One of our key aims at Bennett Institute for Applied Data Science is to develop novel data-driven approaches to interpret our health care data. We want to use data science to identify patterns in the data that afford us a new, unbiased perspective on how well the NHS is working and how it could be better.


This week sees the publication of a new paper from our group that describes one approach to identifying unusual patterns of prescribing in the NHS. This work uses a national dataset (available to browse via our OpenPrescribing website) which captures NHS primary care prescribing behaviour in England. This dataset contains counts of all drugs, in all NHS practices, in each month. Data at that resolution can be quite messy and difficult to make sense of, but with the right approaches we can harness that variability and start to tease out signals from the noise.

Unusual prescribing behaviour ≠ poorer care

First, a caveat: unusual prescribing does not imply a poorer standard of care. The needs of one patient population will be different to another’s, and differences in prescribing could well be the result of considered clinical opinion and be warranted. As such, the results discussed here, and described in more detail in our publication, are presented simply as an observation for people in the know to follow up on.

How do you decide what is “unusual”?

An important benefit of having access to national datasets is that we can characterise how all organisations vary within a population: does it look like GPs prescribe drug X at similar rates? Or are some practices clear outliers, prescribing drug X at much higher or lower rates? Identifying where behaviour is unusual presents us with opportunities to improve the health service: what could be better and where? Or, equally as important, where have improvements already been realised and how has that been achieved?

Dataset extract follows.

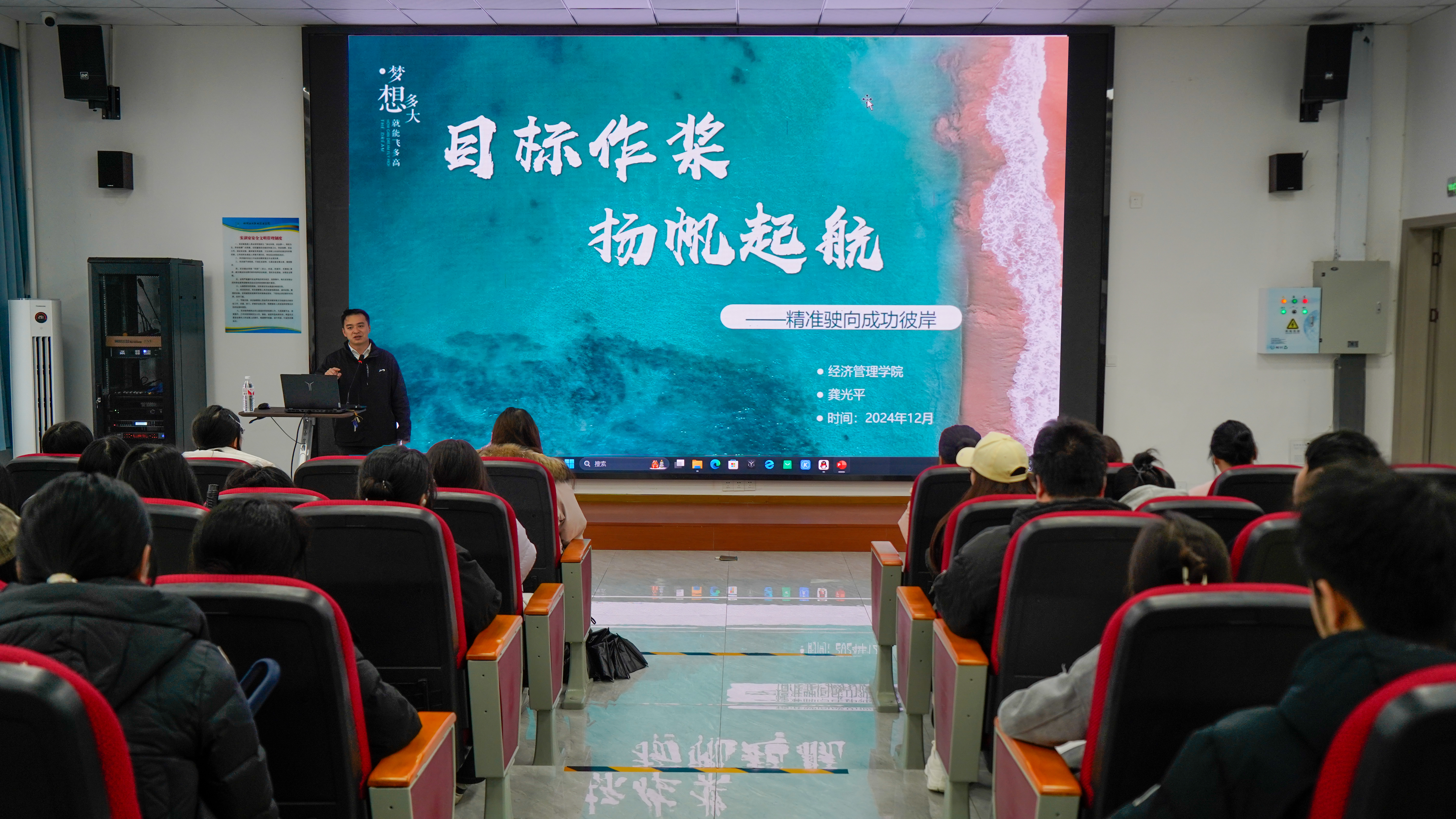 2024年12月25日,经济管理学院于醇雅楼102教室成功举办了“目标作桨,扬帆起航—精准驶向成功彼岸”主题讲座活动。活动特别邀请经济管理学院专职辅导员龚光平老师作为主讲人对学生生涯奖项细则和学生目标发展进行解读。此次活动旨在充分发挥奖励机制的激励与引导作用,助力广大青年学生成长成才。

How do you identify outliers?

To analyse prescribing data, the raw prescription counts are first “normalised” using appropriate denominators: we re-express the data as “chemical-class” values, which describe what proportion of all drugs of a particular class are for one particular drug (e.g., what proportion of “Oral iron” prescriptions contain “Ferrous Fumarate”). As we are interested in looking at how rates vary across Clinical Commissioning Groups (CCGs), these proportions were calculated for each of the 207 CCGs in the dataset. With these prescribing rates calculated, we can set about identifying the outliers.

Our approach in this particular project was to first generate a list of candidate drugs that looked likely to contain high-prescribing outliers and then apply two ranking approaches to identify the most extreme outliers amongst those candidates.

We started with a list of 1511 chemicals that could be prescribed. This list was filtered to remove any chemicals where prescribing rates were seen to be stable across CCGs (“low variability”); any outliers were likely to be low-prescribers (“negative skew”); absolute prescribing numbers were low (“low volume”); the average rate of prescribing was quite high (“high average rate”). This last filtering step was included because we wanted to focus on chemicals that were generally prescribed at very low levels (if at all).

Diagram describing the filtering process in our analysis

This left us with 204 chemicals of interest. For each of these chemicals, we calculated two metrics: (1) a ratio of the very highest prescribers to more moderate prescribers (the high:mid centile ratio) and (2) kurtosis, roughly a measure of how much of your data occurs at the extreme ends of your distribution. We used these metrics to rank out candidates to focus on those chemicals that are the most extreme outliers.

So what did you find?

Each of our 204 candidate chemicals are shown on the plot below, plotted by the two outlier metrics. The top 5 results for each measurement are highlighted in orange.

Plot showing all 204 candidate chemicals ranked by the outlier metrics

Two relatively rare antipsychotics—pericyazine and promazine hydrochloride—stood out to our clinical staff (they are highlighted in bold in the plot above). We investigated this a little further to find out where these outliers were occuring, and we found that the higher prescribing rates were clustered geographically. The rate of pericyazine prescribing was 7.6 times higher in the East of England than it was nationally; similarly, the rate of promazine hydrochloride prescribing was 4.4 times higher in the North West of England than it was nationally. There were even more pronounced differences in specific CCGs. The maps below demonstrate the geographic clustering of these chemicals: the colour scale in each plot indicates the number of prescriptions per 1000 antipsychotic prescriptions in the corresponding geographic region.

A choropleth map of the East of England (right) and constitutent CCGs (left), showing prescribing rates of pericyazine

A choropleth map of the North East of England (right) and constitutent CCGs (left), showing prescribing rates of promazine hydrochloride

What next?

It wasn’t just pericyazine and promazine hydrochloride that looked to be interesting outliers: a couple of antibiotics (levofloxacin and cefadroxil) have been surfaced too. These could be interesting candidates to investigate in more detail.

More widely, we are always looking to expand our tool box with regards to analysing variability in healthcare data. This is just one of several different algorithms at various stages of development and testing that we are looking to deploy on OpenPrescribing, to help healthcare providers to prioritise and focus manual clinical audit and review.